When you start IGV, it will open a main window. At the top of this window you have a toolbar and genome ruler for navigation. The largest area in the main window is the data viewer where your alignments, annotations and other data will be displayed. To do this, IGV uses horizontal rows called tracks. Finally, at the bottom, there is a sequence viewer which contains the base level information for your reference genome.

IGV - main window

Loading a reference genome

IGV provides several genomes which can be selected with the "Genome drop-down box" on the toolbar. However, your reference genome may not always be on this list. When your reference is not available, you will need to load it from a FASTA file.

To load a reference genome from file, go to "Genomes -> Load Genome from File…".

Select the FASTA file containing the reference genome and click "Open".

Once the genome has loaded, the chromosomes will be shown on the genome ruler with their names/numbers above. When a region is selected, a red box will appear. This represents the visible region of the genome.

Above the genome ruler is the toolbar which has a variety controls for navigating the genome:

Genome drop-down - load a genome
Chromosome drop-down - zoom to a chromosome
Search - zoom to a chromosome, locus or gene

There are several other buttons which can be used to control the visible portion of the genome.
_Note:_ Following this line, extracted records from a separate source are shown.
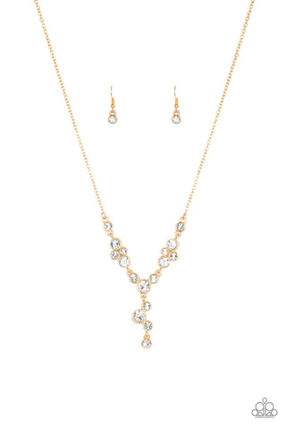 Toast to Perfection - Gold - White Pearl and Rhinestone Paparazzi Short Necklace
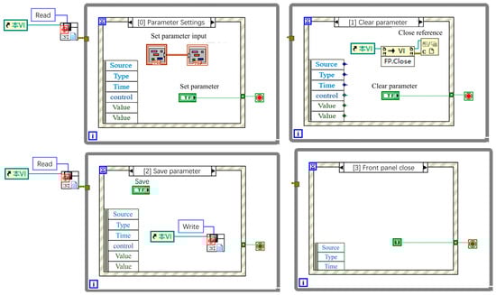 The parameter setting module adopts the mode of event structure plus main loop and saves the parameters with the help of parameter read-write sub-VI. The data are saved in the form of a configuration settings (.ini) file. After opening the front panel, the parameter data are automatically extracted and displayed from the configuration settings file; one must click to save the parameter front panel data into the file. The specific program block diagram is shown in Figure 10.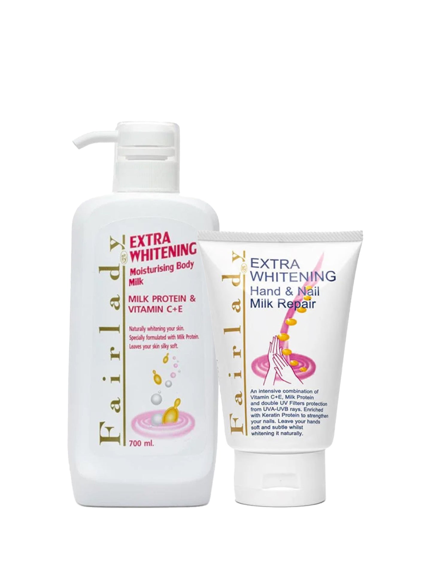 مجموعة Fair Lady لتفتيح اليدين والجسم تمنحك عناية شاملة بفضل تركيبتها الغنية ببروتين الحليب، فيتامين C، فيتامين E، والكيرياتين. صممت خصيصًا لتفتيح البشرة، ترطيبها وتغذيتها من العمق، لبشرة ناعمة، مشرقة وشابة يومًا بعد يوم.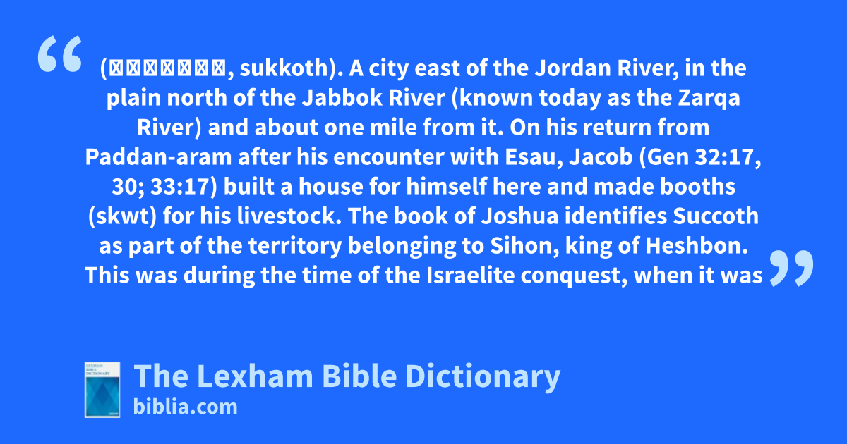 Succoth on the Jordan (סֻכּוֹת, sukkoth). A city east of the Jordan River, in the plain north of the Jabbok River (known today as the Zarqa River) and about one mile from it. On his return from Paddan-aram after his encounter with Esau, Jacob (Gen 32:17, 30; 33:17) built a house for himself here and made booths (skwt) for his livestock.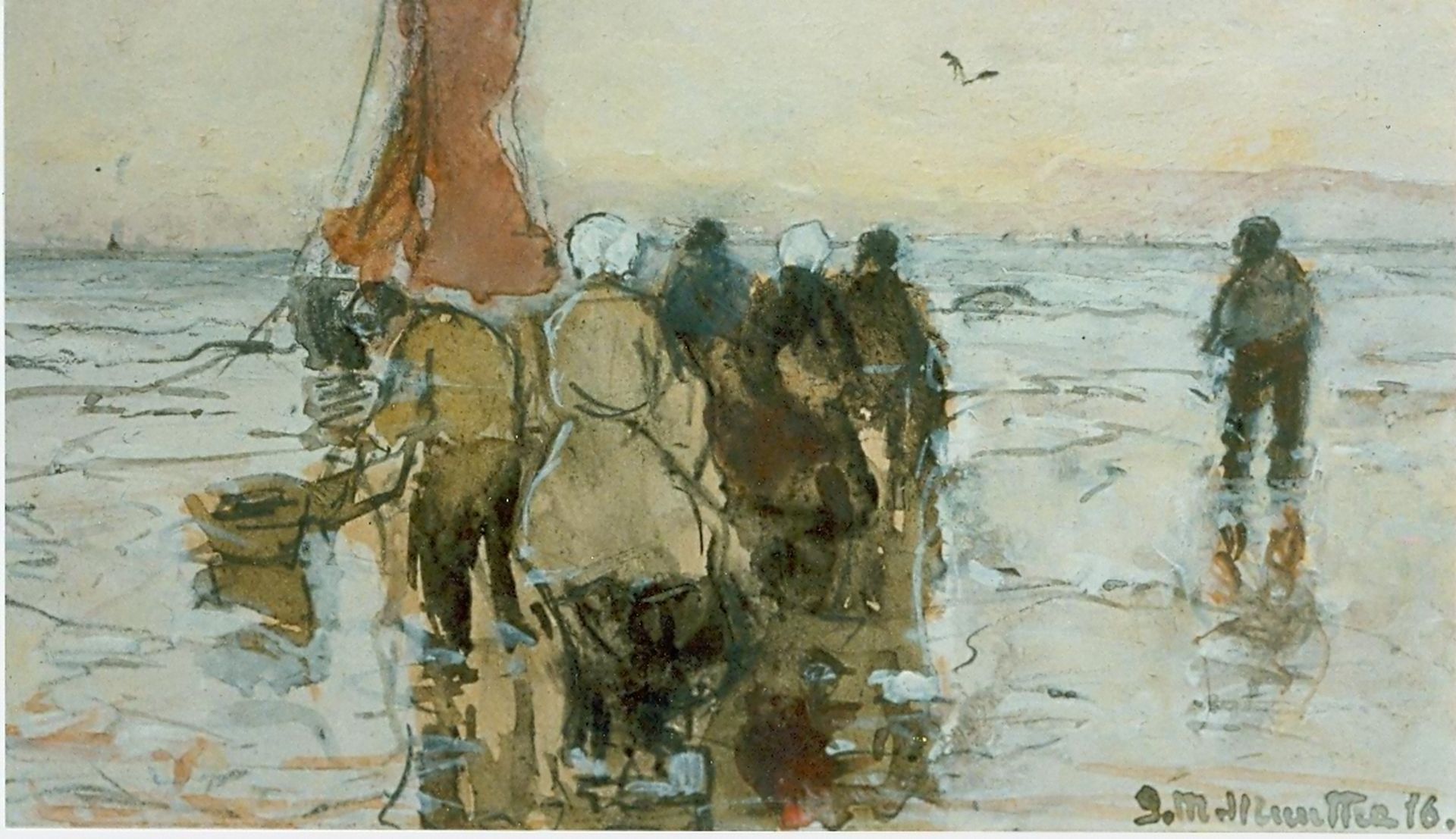 Morgenstjerne Munthe kunstwerk • aquarel • tekening • voorheen te koop Vissers op het strand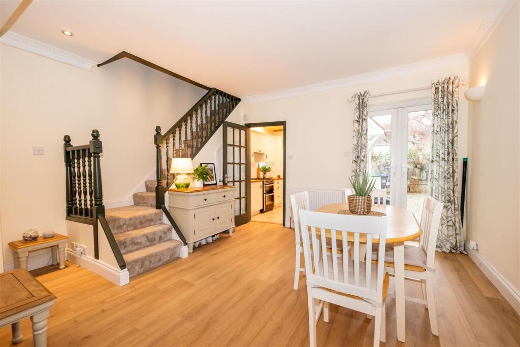 This is a three-bedroom house on Watchetts Road in Camberley, presented by Knights Property Services. The property benefits from its location, offering convenient access to schools and transportation links, including Camberley train station. The interior appears to be in good condition, featuring modern finishes and well-maintained rooms. The house includes a garden, providing outdoor space. Priced at £425,000, the property seems reasonably valued compared to the local market, with an average price per square foot of £551 in the area. The property retains some traditional features while incorporating modern updates.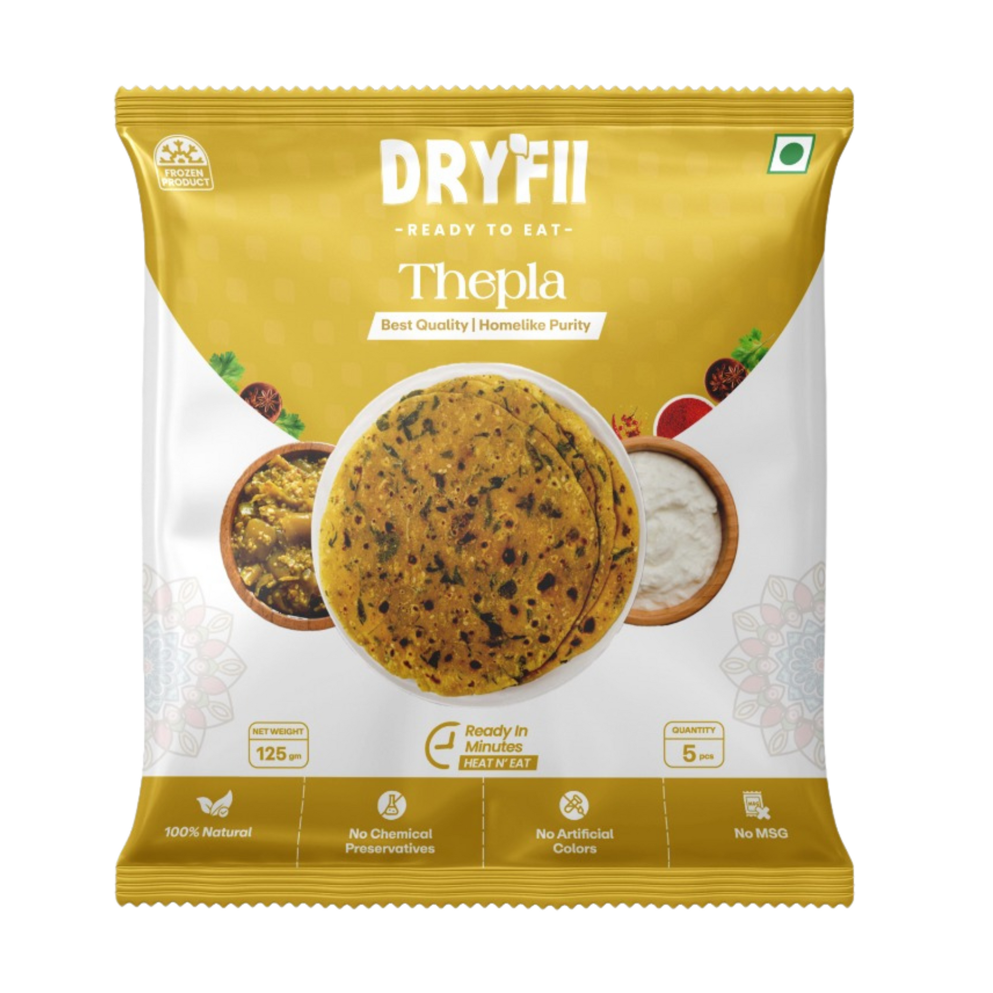Dryfii Thepla is made with whole wheat flour (atta), salt, milk, desi ghee, and a blend of spices, offering a flavorful, soft paratha with a delightful, savory taste.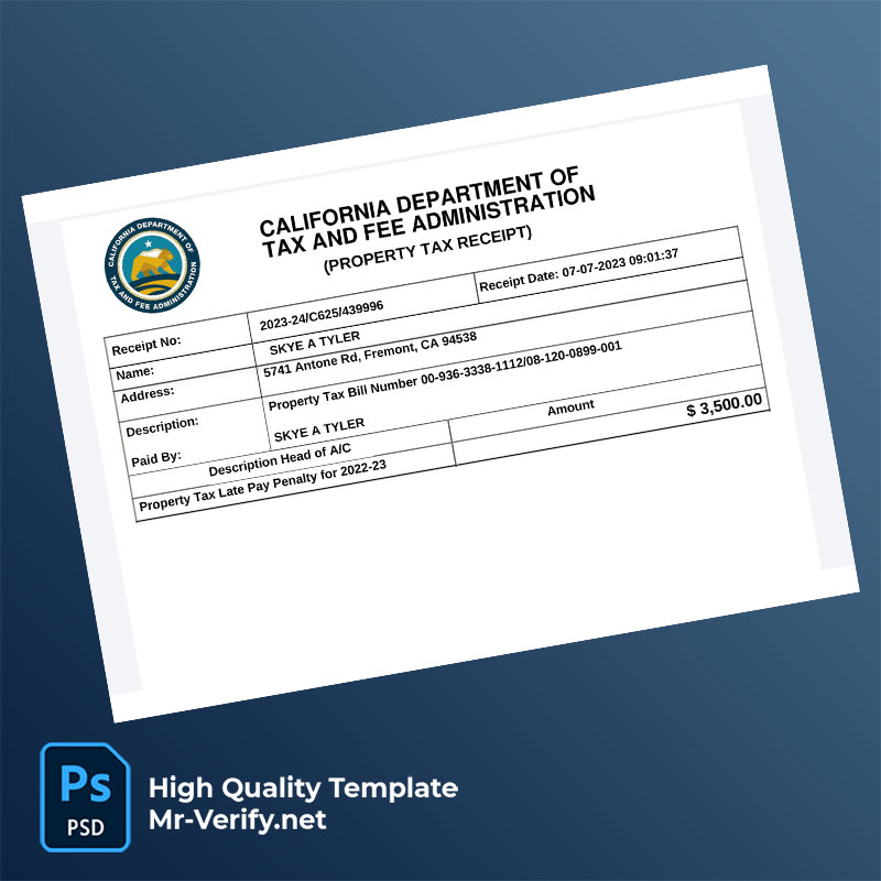 USA California Department of Tax and Fee Administration Editable Property Tax Receipt Template in Word and PDF formats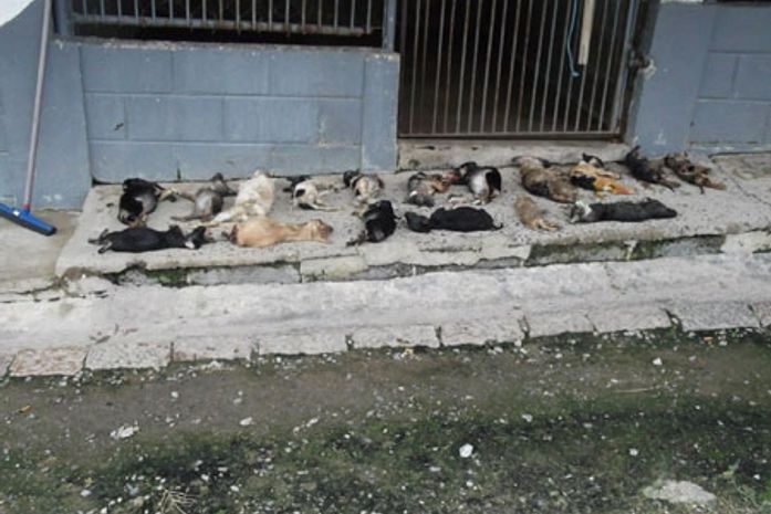 Os protetores de animais dizem que os cães sofreram um processo de eutanásia, mesmo aparentemente saudáveis. A polícia foi chamada no local e, após a perícia realizada, foram encontrados 30 animais mortos dentro de um freezer. Sendo três cães adultos e 27 filhotes.

Whole genoeme - zoom back out to whole genome view
Previous/next view - move backward/forward through views (like the back/forward buttons in a web browser)
Refresh - refresh the display
Zoom - zooms in (+) / out (-) on a chromosome

Sequence viewer

The sequence viewer shows the genome at the single nucleotide level. You won't be able to see the sequence until you are zoomed in. As you start to zoom in (+), you will see that each nucleotide is represented by a coloured bar (red=T, yellow=g, blue=c and green=a). This makes it easier to spot repetitive regions in the genome. Carry on zooming in (+) and you will see the individual nucleotides.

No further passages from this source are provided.